10 Movie Heroes Forced To Kill For The Greater Good

No wonder Wolverine is so angry: he had to kill Jean Grey!

Wolverine JEan Grey
Fox

You don't normally expect heroes to kill willy-nilly. Sure, some of them have a licence to kill (sometimes literally, in the case of James Bond), but heroism sort of goes hand in hand with simple moral goodness. Anything diverging from that and you're in anti-hero (or even villain) territory, for the most part.

So it's always interesting when a hero is forced to make an excruciating decision for the Greater Good - that cause so worthy it turned a whole village into murderers in Hot Fuzz. And when it involves killing someone (or lots of people) so things are better in the long run, you're looking at a truly complex character moment that tends to inspire great performances and bags of emotion. So it's not all bad.

Sometimes, killing in the name of all that is good is the only way...

Honourable Mention

Thanos Snaps His Fingers - Avengers: Infinity War

avengers infinity war thanos
Marvel Studios

Hero is a very loose term sometimes, but there's absolutely no question that Thanos isn't the hero of his own story. At least in the version that plays out in his own head, that is.

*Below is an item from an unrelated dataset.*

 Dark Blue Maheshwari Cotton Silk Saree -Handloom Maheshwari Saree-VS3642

To the Mad Titan, his act of wiping out half of existence is one of mercy: he's looking after the long-term prospects of the universe (which will die otherwise) with a terrible short term solution that nobody but him would be brave enough to commit. Of course it's for the greater good (and he's not actually wrong on that front) - it's just that he doesn't REALLY go about it the right way.

10. Dr Manhattan Takes Out Rorschach - Watchmen

Wolverine JEan Grey
Paramount Pictures

In Watchmen, Rorschach is pretty much the black sheep of the superhero ensemble: his methods are unconventional, his worldview cynical at best (and entirely nihilistic at worst) but he remained a self-appointed protector of men. Mostly in order to save them from themselves.

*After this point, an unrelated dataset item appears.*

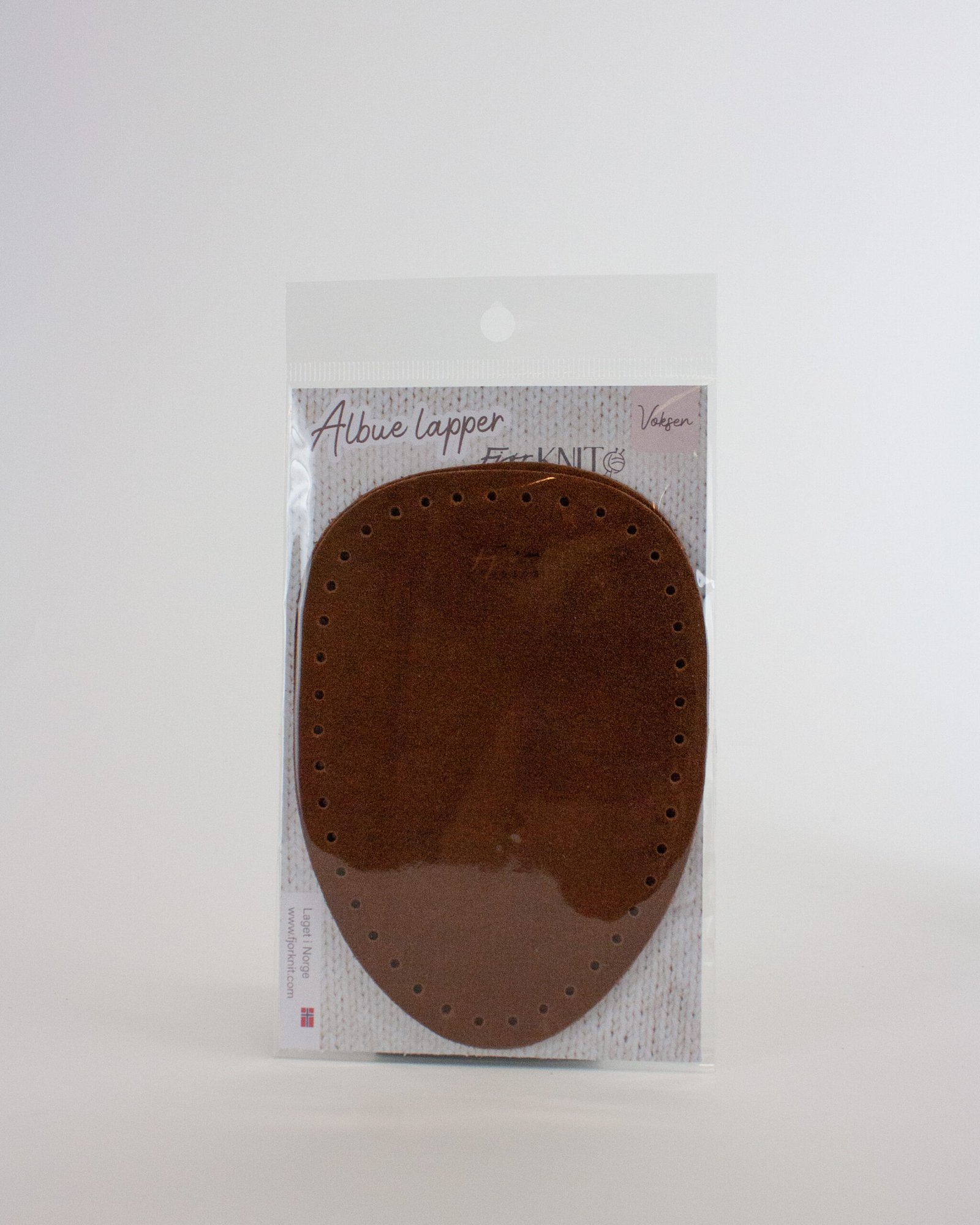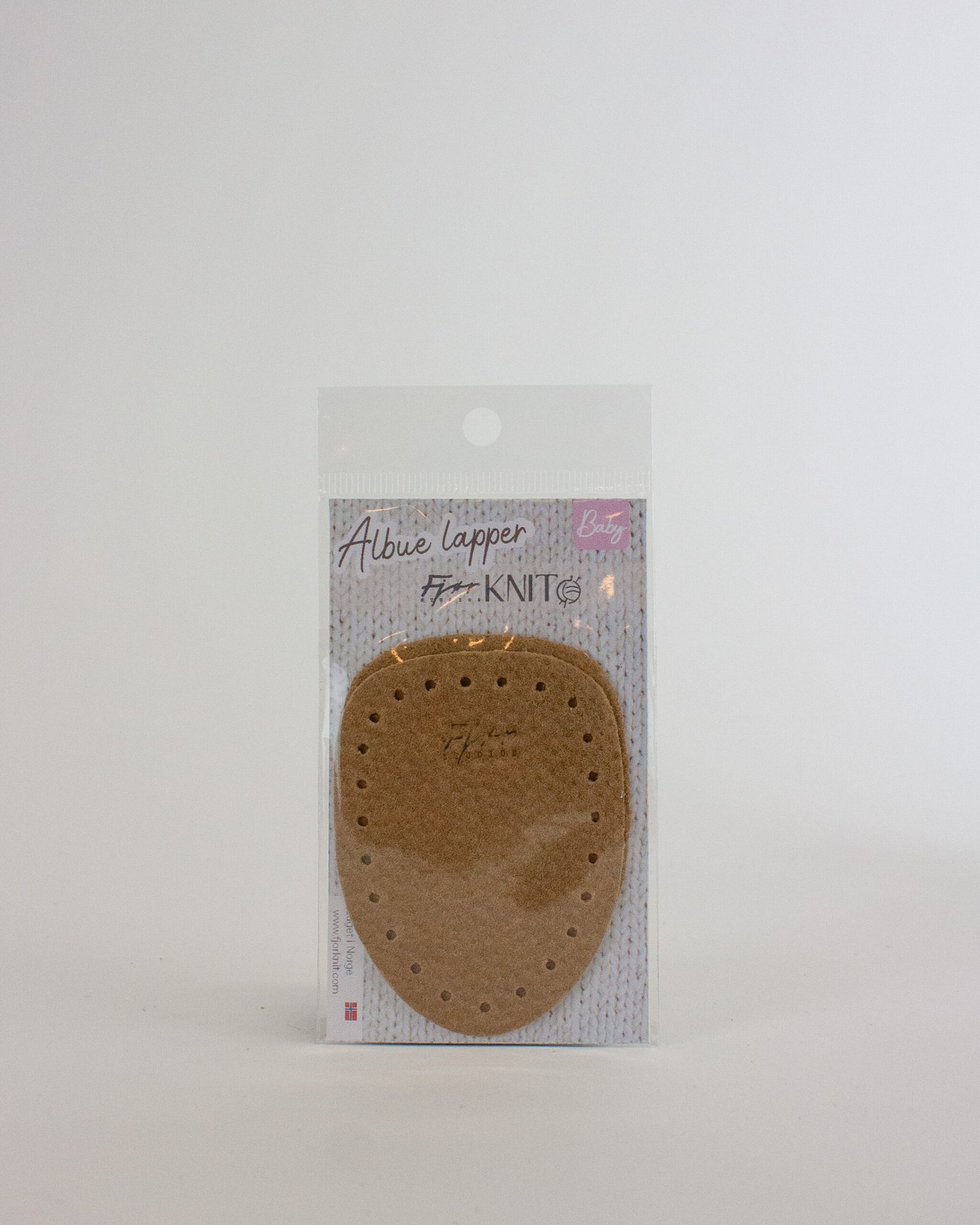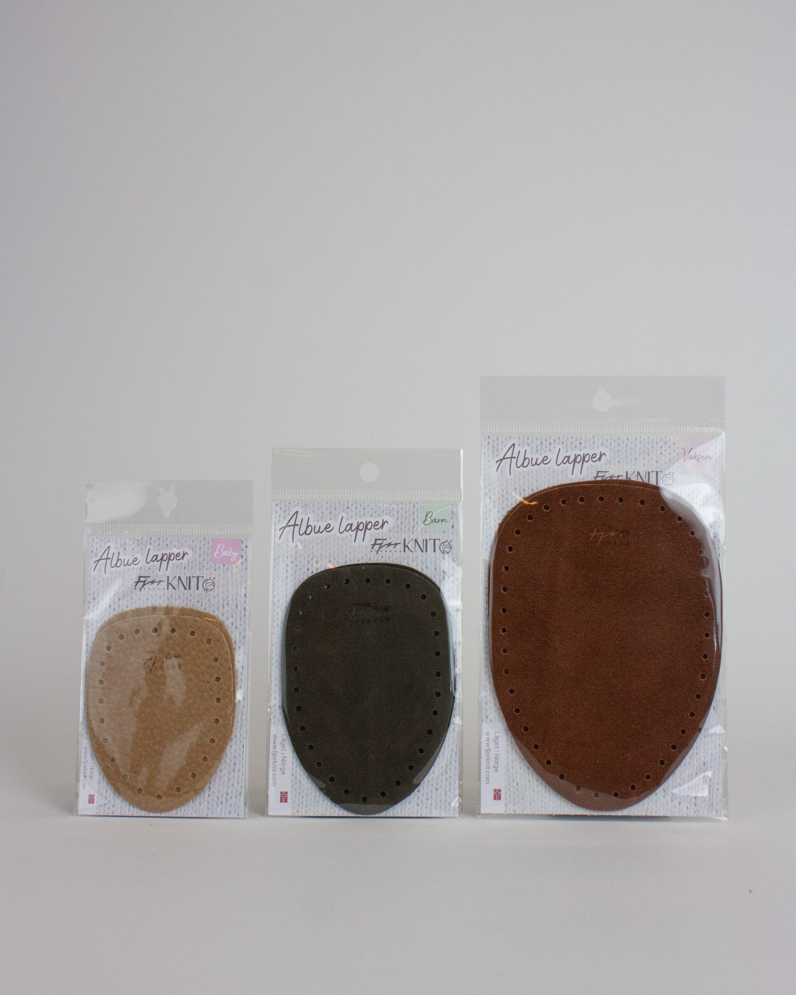 Albuelapper i semsket skinn til håndstrikkede overdeler

Right up until the finale, he was also the most grounded voice of reason - unseduced by the glamour of superheroism and not as disconnected as some of his fellow "Watchmen" - but once the reality of Adrian Veidt's plan for world peace through genocide, he flips on the rest of the heroes' moral compasses. He states his intention to uncover Veidt for what he is and threaten the fragile peace between the US and Russian built on their unified fear of Dr Manhatten and more genocide events.

And unfortunately for him, the only way to stop him - as he tells Dr Manhattan - is to kill him. He's an innocent, but he stands in the way of world peace, so Manhattan explodes him. All for the supposed Greater Good - though Rorschach's diaries will end up uncovering the truth anyway.